(Beginning of DATA PROVIDED)

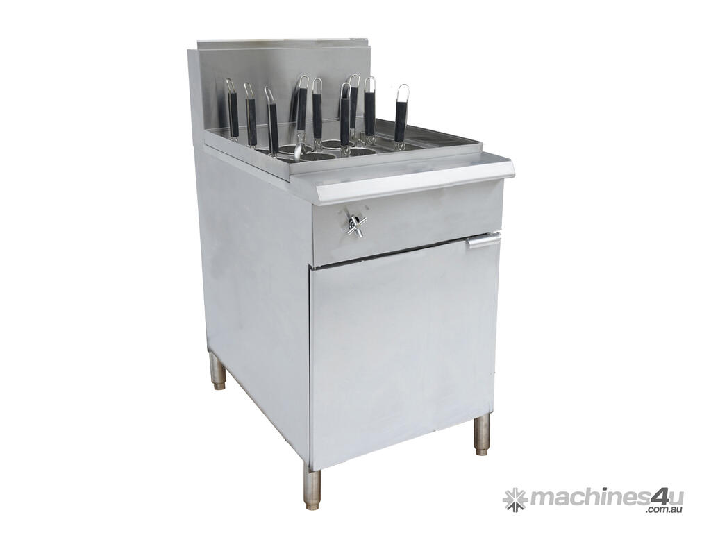 Gasmax V Pan LPG 9 Baskets Pasta and Noodle Cooker - PC150-9LPG Key Features Gas Type: LPG Stainless steel front and sides 34L Water Capacity 304 stainless steel tank Thermostat control ranges from 93°C to 204°C Open Stainless steel fryer pot with cold zone Standby Stainless steel pilot for easy start 6-inch stainless steel leg Millivolt control valve Prompt response thermostat ensures fast temperature recovery 232°C high limit for safety One 1/4” full port drain valve Open pot design features easy cleaning Stainless steel hanger plate at the back Nine Ø 125mm x 132mm Baskets 1?2 inch NPT rear gas connection Front-positioned water inlet Water purifying overflow system to remove excessive starch 2 Years Parts & Labour Plus 2 Years Parts Only Warranty When Products Registered Within 14 Days Of Invoice Depth: 860 mm | Width: 571 mm | Height: 1293 mm | Power: 190 MJ/h | Net Weight: 101 | Price: $5599 | Manufacturer: Gasmax | Warranty: 2 Years Parts & Labour Plus 2 Years Parts Only Warranty When Products Registered Within 14 Days Of Invoice
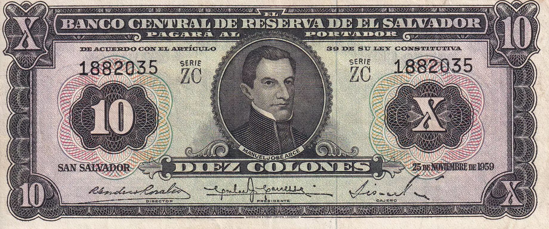 Banknote El Salvador 10 Colones - Manuel J. Arce - C. Colomb - 1959 - Serial ZC - P.99
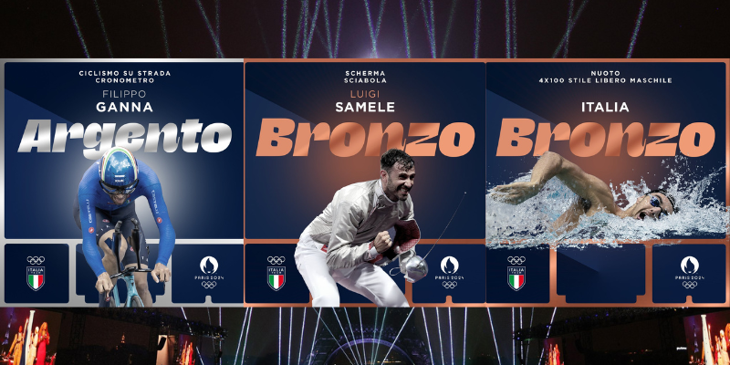 L’altro bronzo di giornata per l’Italia a Parigi arriva nella staffetta 4X100 stile libero uomini. Gli azzurri Alessandro Miressi, Thomas Ceccon, Paolo Conte Bonin e Manuel Frigo chiudono al terzo posto alle spalle degli Stati Uniti, oro (3’09’’28), e Australia, argento (3’10’’35).
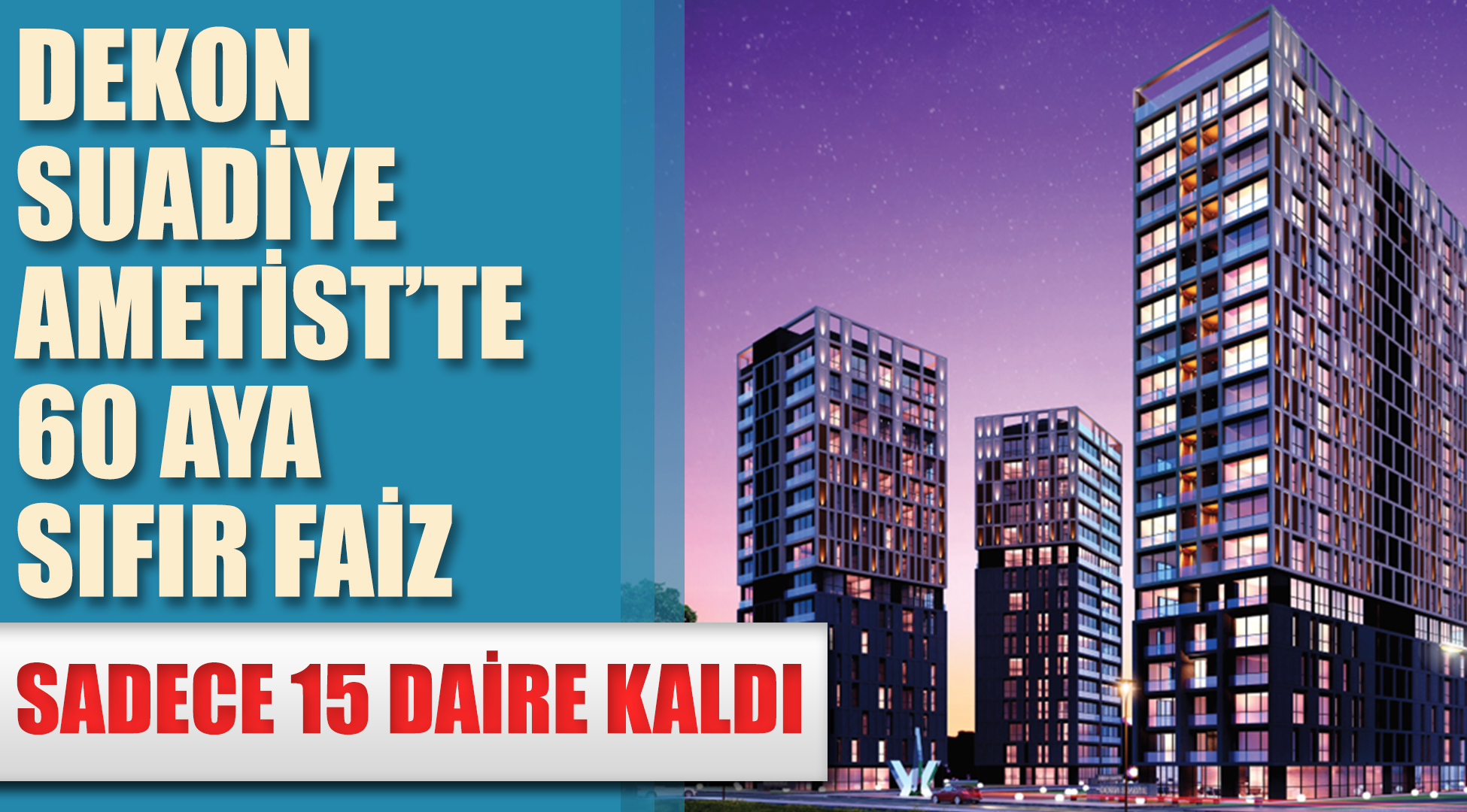 Dekon İnşaat'ın Suadiye’de inşa ettiği, Bağdat Caddesi’nin nadir site konseptli projelerinden Dekon Suadiye Ametist’te daire sahibi olmak isteyenler İş Bankası’ndan 60 aya 0, 120 aya 0.60 faiz oranıyla kredi kullanabilecekler. Üç blok ve 152 daireden oluşan, Ağustos 2017 tapusuyla birlikte teslim edilecek Dekon Suadiye Ametist’te son 15 daire kaldı.

(End of DATA PROVIDED)

**WHAT NEEDS TO BE DONE:** The copy must start at the line containing "Banknote El Salvador" and end at the last line of the data, matching each line exactly. It must hold no pictures.

**ANSWER TO THE EXERCISE:**
 Banknote El Salvador 10 Colones - Manuel J. Arce - C. Colomb - 1959 - Serial ZC - P.99
 L’altro bronzo di giornata per l’Italia a Parigi arriva nella staffetta 4X100 stile libero uomini. Gli azzurri Alessandro Miressi, Thomas Ceccon, Paolo Conte Bonin e Manuel Frigo chiudono al terzo posto alle spalle degli Stati Uniti, oro (3’09’’28), e Australia, argento (3’10’’35).
 Dekon İnşaat'ın Suadiye’de inşa ettiği, Bağdat Caddesi’nin nadir site konseptli projelerinden Dekon Suadiye Ametist’te daire sahibi olmak isteyenler İş Bankası’ndan 60 aya 0, 120 aya 0.60 faiz oranıyla kredi kullanabilecekler. Üç blok ve 152 daireden oluşan, Ağustos 2017 tapusuyla birlikte teslim edilecek Dekon Suadiye Ametist’te son 15 daire kaldı.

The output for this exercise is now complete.